→ **Required work**
Because the entries hold pictures, reproduce only their words, exactly as written.

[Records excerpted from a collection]
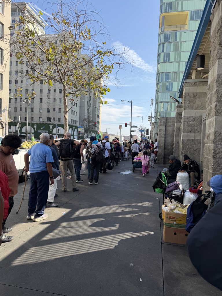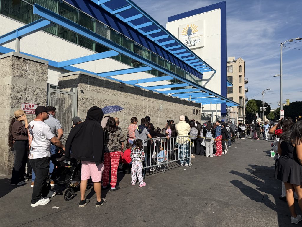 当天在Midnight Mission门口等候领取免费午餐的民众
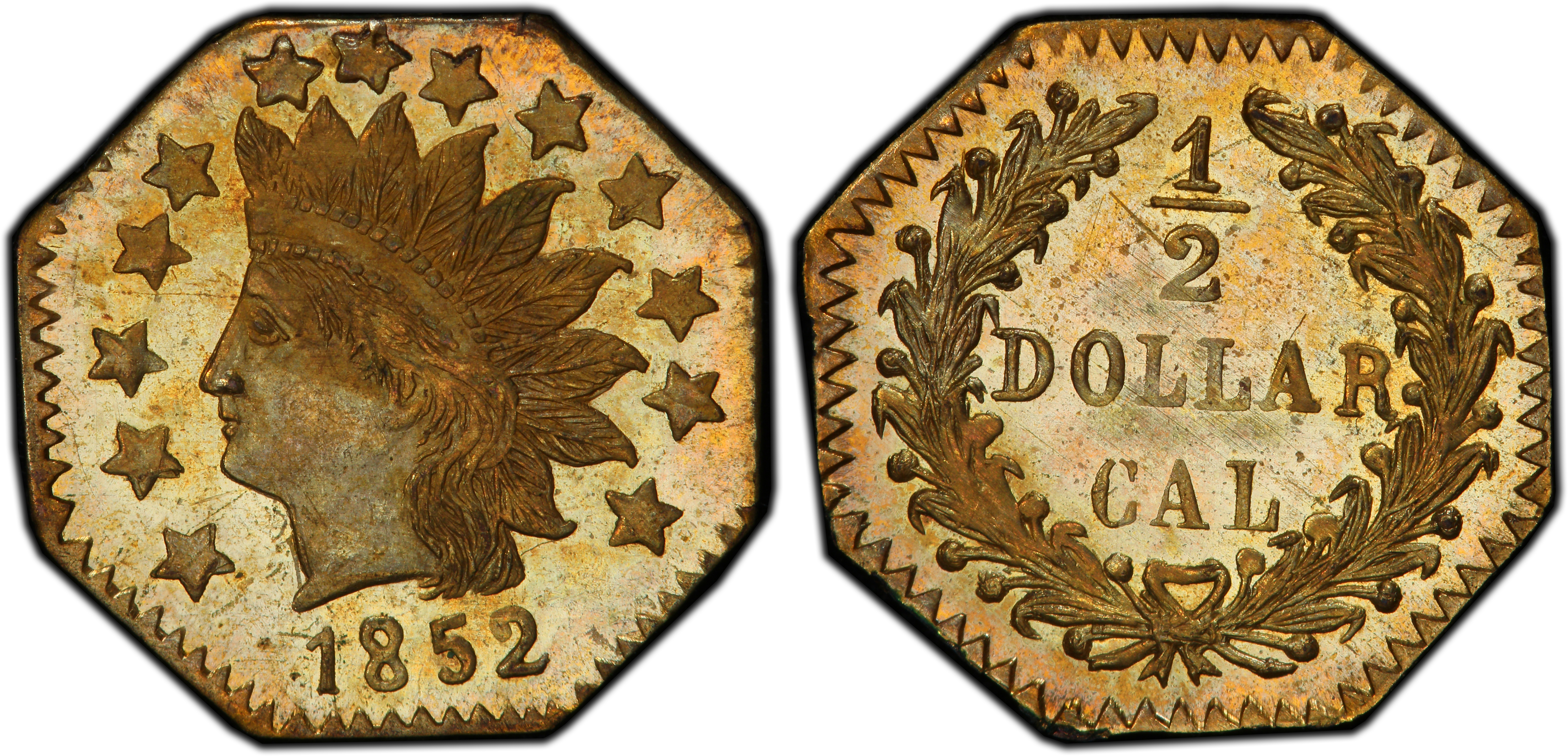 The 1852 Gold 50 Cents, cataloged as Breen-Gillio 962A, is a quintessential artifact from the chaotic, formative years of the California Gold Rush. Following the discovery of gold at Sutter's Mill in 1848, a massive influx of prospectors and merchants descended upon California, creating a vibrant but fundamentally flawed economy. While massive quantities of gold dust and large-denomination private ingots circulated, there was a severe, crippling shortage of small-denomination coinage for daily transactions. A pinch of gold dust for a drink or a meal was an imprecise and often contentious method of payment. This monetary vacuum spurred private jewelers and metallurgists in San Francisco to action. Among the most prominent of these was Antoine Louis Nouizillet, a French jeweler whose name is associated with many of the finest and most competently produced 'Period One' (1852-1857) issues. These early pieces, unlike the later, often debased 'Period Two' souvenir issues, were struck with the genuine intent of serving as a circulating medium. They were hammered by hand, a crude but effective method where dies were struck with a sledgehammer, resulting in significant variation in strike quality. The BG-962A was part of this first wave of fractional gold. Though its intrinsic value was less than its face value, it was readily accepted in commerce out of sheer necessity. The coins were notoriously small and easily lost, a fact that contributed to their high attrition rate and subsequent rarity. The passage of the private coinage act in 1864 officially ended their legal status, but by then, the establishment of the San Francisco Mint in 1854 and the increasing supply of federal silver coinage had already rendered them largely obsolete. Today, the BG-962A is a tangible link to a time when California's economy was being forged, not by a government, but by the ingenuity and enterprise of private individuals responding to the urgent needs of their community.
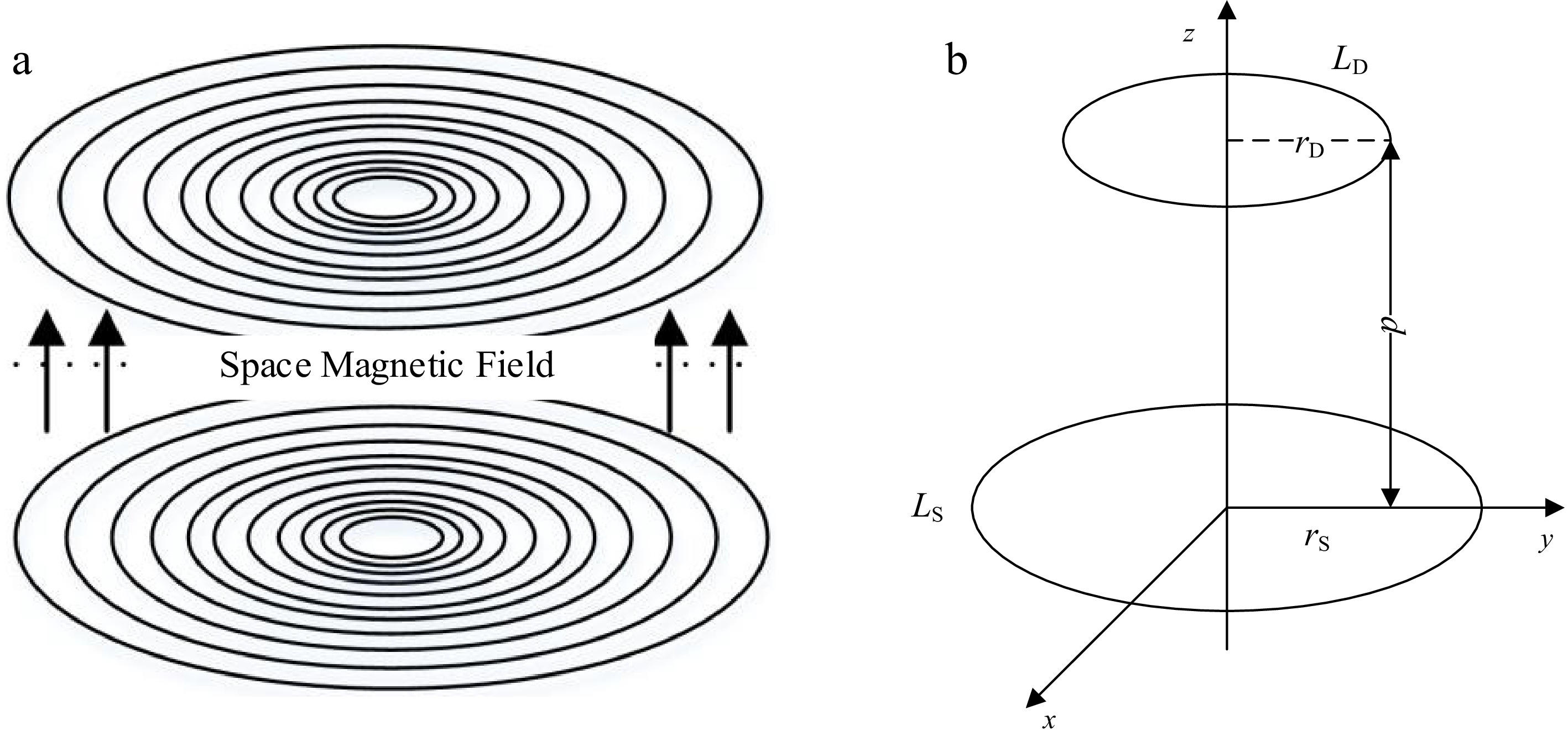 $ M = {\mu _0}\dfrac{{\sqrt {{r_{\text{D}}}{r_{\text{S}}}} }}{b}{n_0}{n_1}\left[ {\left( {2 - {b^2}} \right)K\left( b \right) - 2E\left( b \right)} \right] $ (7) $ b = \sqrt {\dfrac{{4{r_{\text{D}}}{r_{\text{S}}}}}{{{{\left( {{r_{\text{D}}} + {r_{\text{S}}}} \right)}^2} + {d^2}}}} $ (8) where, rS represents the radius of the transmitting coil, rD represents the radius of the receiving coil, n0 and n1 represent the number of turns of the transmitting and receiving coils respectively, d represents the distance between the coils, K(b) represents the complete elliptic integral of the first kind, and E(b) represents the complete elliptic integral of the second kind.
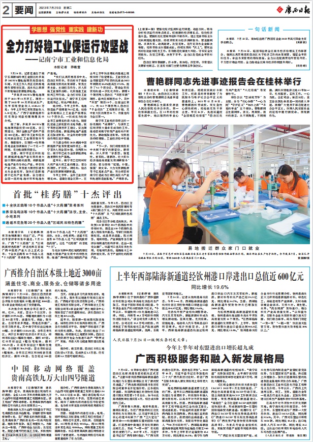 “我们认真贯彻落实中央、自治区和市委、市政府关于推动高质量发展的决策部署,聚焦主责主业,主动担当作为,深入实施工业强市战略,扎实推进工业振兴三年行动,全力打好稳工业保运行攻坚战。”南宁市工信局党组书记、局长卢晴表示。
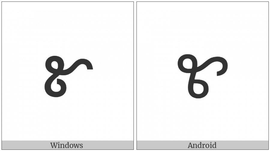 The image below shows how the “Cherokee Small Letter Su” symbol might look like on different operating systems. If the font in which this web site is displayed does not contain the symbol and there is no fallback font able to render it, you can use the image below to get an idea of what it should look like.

→ **Response**
 当天在Midnight Mission门口等候领取免费午餐的民众
 The 1852 Gold 50 Cents, cataloged as Breen-Gillio 962A, is a quintessential artifact from the chaotic, formative years of the California Gold Rush. Following the discovery of gold at Sutter's Mill in 1848, a massive influx of prospectors and merchants descended upon California, creating a vibrant but fundamentally flawed economy. While massive quantities of gold dust and large-denomination private ingots circulated, there was a severe, crippling shortage of small-denomination coinage for daily transactions. A pinch of gold dust for a drink or a meal was an imprecise and often contentious method of payment. This monetary vacuum spurred private jewelers and metallurgists in San Francisco to action. Among the most prominent of these was Antoine Louis Nouizillet, a French jeweler whose name is associated with many of the finest and most competently produced 'Period One' (1852-1857) issues. These early pieces, unlike the later, often debased 'Period Two' souvenir issues, were struck with the genuine intent of serving as a circulating medium. They were hammered by hand, a crude but effective method where dies were struck with a sledgehammer, resulting in significant variation in strike quality. The BG-962A was part of this first wave of fractional gold. Though its intrinsic value was less than its face value, it was readily accepted in commerce out of sheer necessity. The coins were notoriously small and easily lost, a fact that contributed to their high attrition rate and subsequent rarity. The passage of the private coinage act in 1864 officially ended their legal status, but by then, the establishment of the San Francisco Mint in 1854 and the increasing supply of federal silver coinage had already rendered them largely obsolete. Today, the BG-962A is a tangible link to a time when California's economy was being forged, not by a government, but by the ingenuity and enterprise of private individuals responding to the urgent needs of their community.
 $ M = {\mu _0}\dfrac{{\sqrt {{r_{\text{D}}}{r_{\text{S}}}} }}{b}{n_0}{n_1}\left[ {\left( {2 - {b^2}} \right)K\left( b \right) - 2E\left( b \right)} \right] $ (7) $ b = \sqrt {\dfrac{{4{r_{\text{D}}}{r_{\text{S}}}}}{{{{\left( {{r_{\text{D}}} + {r_{\text{S}}}} \right)}^2} + {d^2}}}} $ (8) where, rS represents the radius of the transmitting coil, rD represents the radius of the receiving coil, n0 and n1 represent the number of turns of the transmitting and receiving coils respectively, d represents the distance between the coils, K(b) represents the complete elliptic integral of the first kind, and E(b) represents the complete elliptic integral of the second kind.
 “我们认真贯彻落实中央、自治区和市委、市政府关于推动高质量发展的决策部署,聚焦主责主业,主动担当作为,深入实施工业强市战略,扎实推进工业振兴三年行动,全力打好稳工业保运行攻坚战。”南宁市工信局党组书记、局长卢晴表示。
 The image below shows how the “Cherokee Small Letter Su” symbol might look like on different operating systems. If the font in which this web site is displayed does not contain the symbol and there is no fallback font able to render it, you can use the image below to get an idea of what it should look like.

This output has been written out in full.